### Data extracts ###
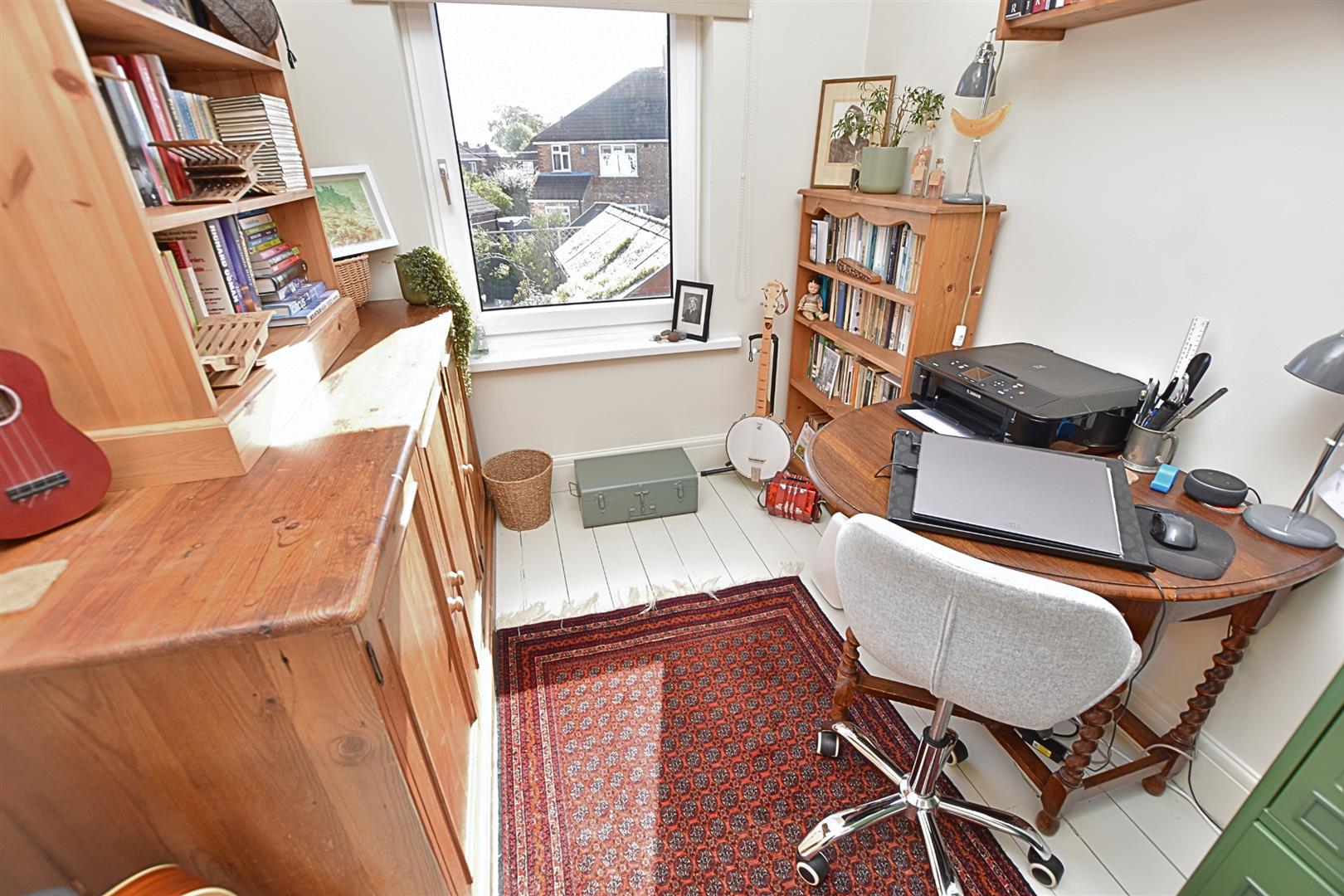 The third bedroom is presently used as a home office and has a uPVC double glazed window with blinds fitted to the rear aspect, coving to the ceiling, painted wooden floor boards and radiator fitted.
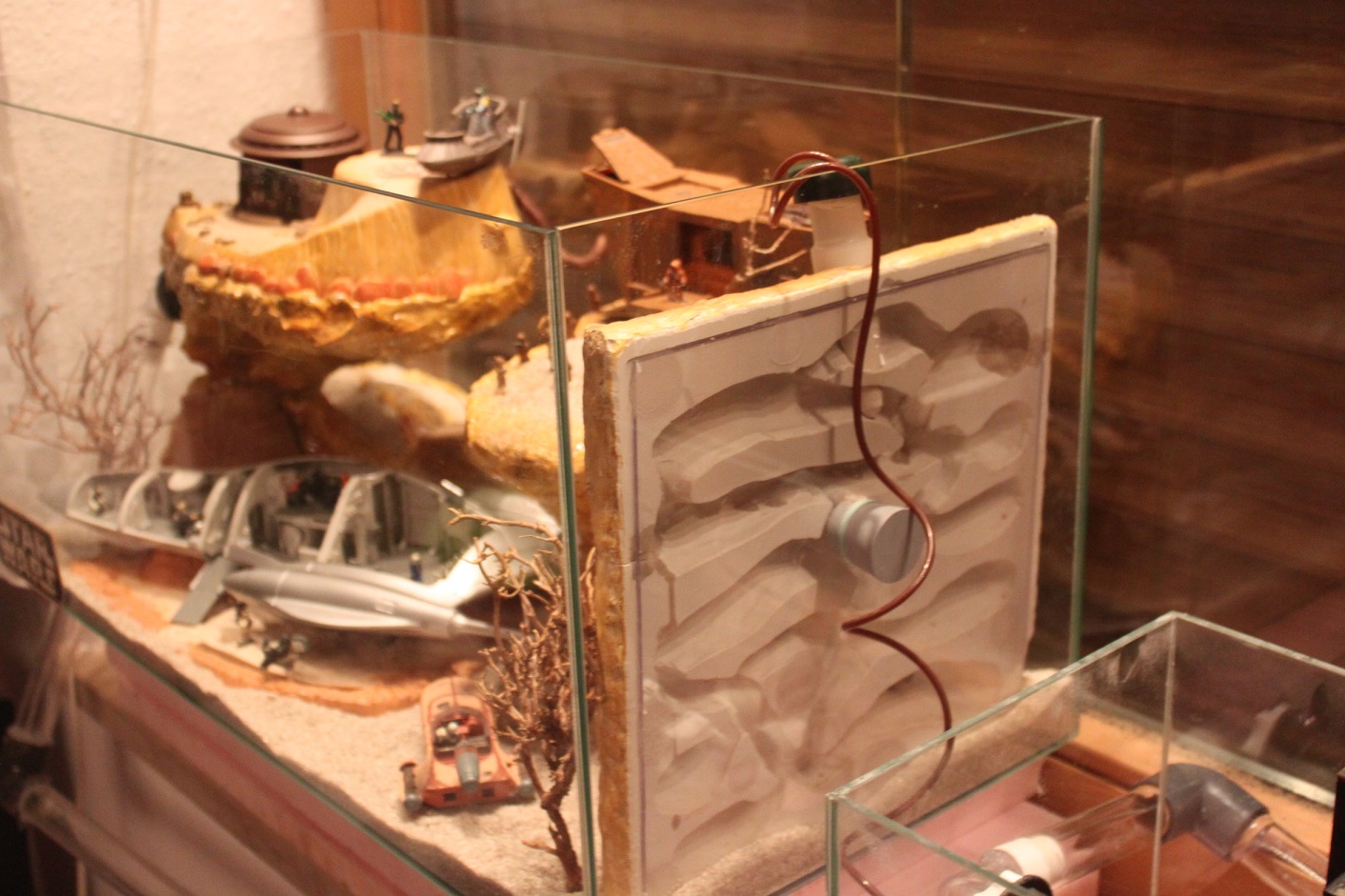 Der Raum ist auf einem Gipssockel, den ich mit Harz und Sand überarbeitet habe, erhöht worden. Der Sinn darin ist, dass die Tiere direkt durch den Raum laufen und hoffentlich auch die Tür benutzen. Das Formikarium wiederum ist mit einer sicherlich 2,10m Rohrverbindung mit dem Star-Wars Terrarium verbunden.
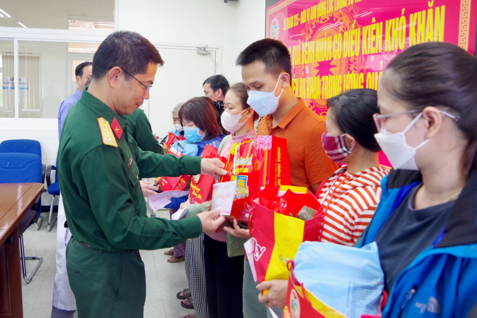 Sư đoàn 315 tặng quà cho người bệnh khó khăn ăn tết tại viện.
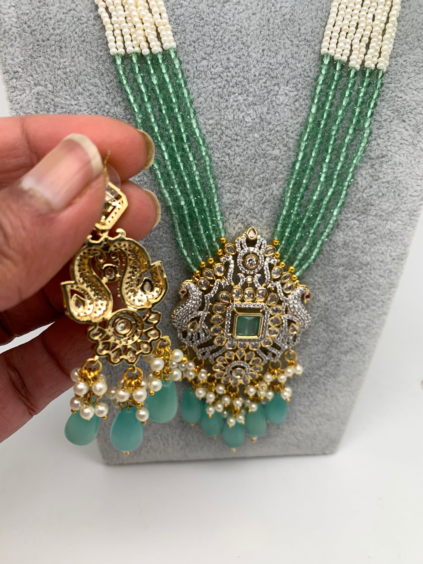 AD Mint Green Stone Mint Green Beads Peacock Pendent Mint Green White Hydro Beads Long Mala with matching earrings Color : Golden Size : Necklace Length : 22 Inches; Earring Length : 2.5 Inches Approx Stones : CZ Mint Green Stone Mint Green Beads White Hydro Beads Pearls
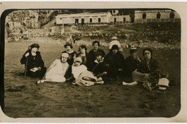 [Grupo familiar en un balneario] [fotografía]. [Chile : entre 1920 y 1930]. 1 fotografía : monocromo, gelatina sobre papel fibra ; 9 x 13 cm .
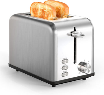 2 Slice Toaster With 6 Browning Setting And 3 Function, Extra Wide Slot & Removable Crumb Tray, Retro Stainless Steel Style, For Bread & Waffle Silver Stainless Steel
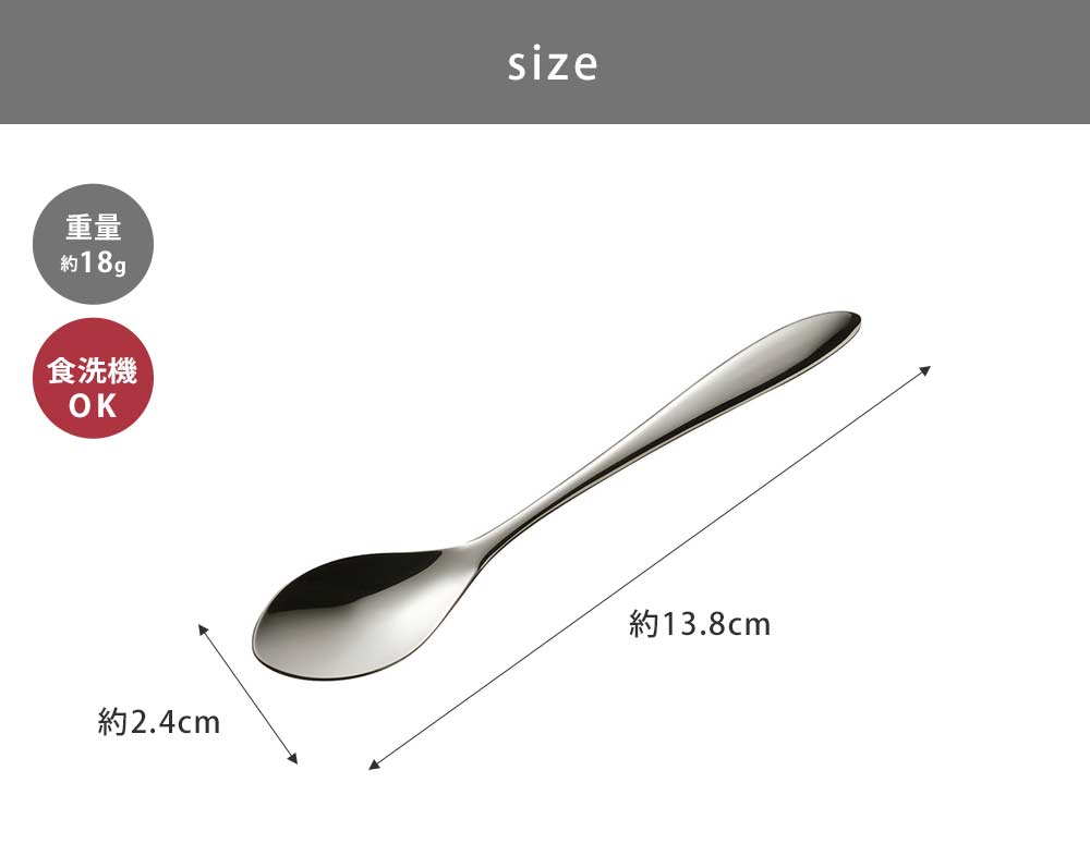 サイズ約 全長13.8 × 幅2.4cm重量約18g(1本)材質ステンレス鋼(クロム18%、ニッケル8%)製造元AUX生産国日本備考○食器洗い乾燥機可口からスッと抜けて、口あたりなめらかなスプーン3本組口からスッと抜けて、口あたりなめらかなスプーン3本組。薄く平らな形で、デザートのなめらかな食感を損ないません。プリンやヨーグルトなどなめらか食感のデザートにぴったり。平らな形状なので、口からスッと抜けてスプーンに食べ物が残りにくいです。Sales points●薄く平らな形で、なめらかな口あたりのスプーン。●デザートのなめらかな食感を損ないません。●平らな形状なので、口からスッと抜けてスプーンに食べ物が残りにくい。●金属加工の町「新潟県燕三条」の職人が一本一本、丁寧に仕上げています。
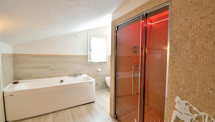 AVAILABLE FOR SUMMER RENTAL - Side-by-side villa arranged on various levels connected by an internal elevator serving all floors. Distance from the sea about 500 meters. On the ground floor: living room, dining kitchen, laundry service bathroom, hallway. On the first floor: double bedroom, single bedroom with balcony, two bathrooms, hallway. On the attic floor: double bedroom, bathroom with hot tub and steam room, hallway. With porch for lunch and outdoor living, barbecue. Alarm system, external video surveillance, air conditioning, internet, home automation, mosquito control system in the garden.
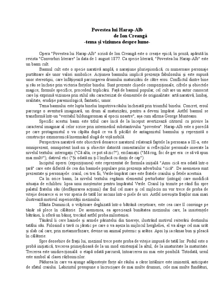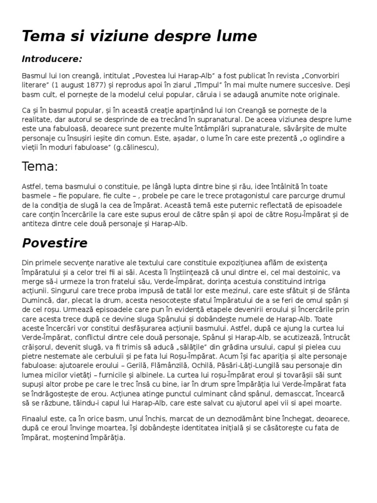 Tema si viziunea despre lume povestea lui harap alb. Exprimarea unui punct de vedere argumentat despre modul în care se reflecta viziunea despre lume în basmul cult pentru care ai optat. Tema și viziunea despre lume povestea lui harap alb ion creangă basmul a apărut ca o necesitate a impunerii unor idei și norme morale în comunitățile umane care își doreau să ducă existența și se conduceau în baza unor legi nescrise cât și ca modalitate de abstragere din cotidian într un ținut magic în care totul este permis iar abaterile de la norme sunt aspru.
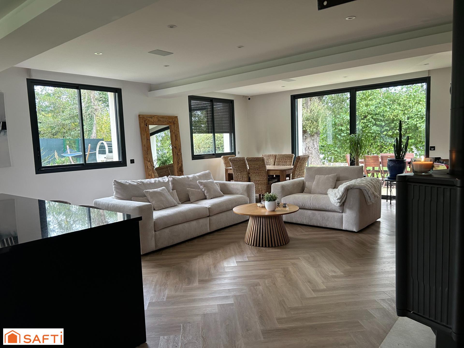 Vaste séjour lumineux de plus de 53 m² avec cuisine ouverte, suite parentale, buanderie, portail électrique et nombreux stationnements
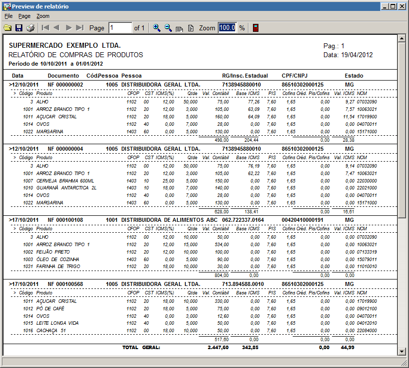 Relatório fiscal de movimentações de entradas, por período (Data de Movimento). Exibe apenas dados de documentos processados, impressos e produtos com finalidade comercialização. Veja figura abaixo.
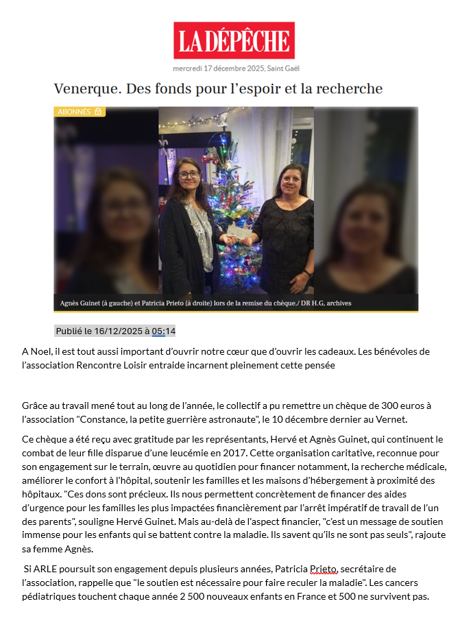 Publié le 06 decembre 2019 La Depeche Le Vernet
###
• Problem details:
Please transcribe, word for word, every line from the first line of the records above through the line containing "Der Raum ist", and leave out any pictures.

• Response for this exercise:
 The third bedroom is presently used as a home office and has a uPVC double glazed window with blinds fitted to the rear aspect, coving to the ceiling, painted wooden floor boards and radiator fitted.
 Der Raum ist auf einem Gipssockel, den ich mit Harz und Sand überarbeitet habe, erhöht worden. Der Sinn darin ist, dass die Tiere direkt durch den Raum laufen und hoffentlich auch die Tür benutzen. Das Formikarium wiederum ist mit einer sicherlich 2,10m Rohrverbindung mit dem Star-Wars Terrarium verbunden.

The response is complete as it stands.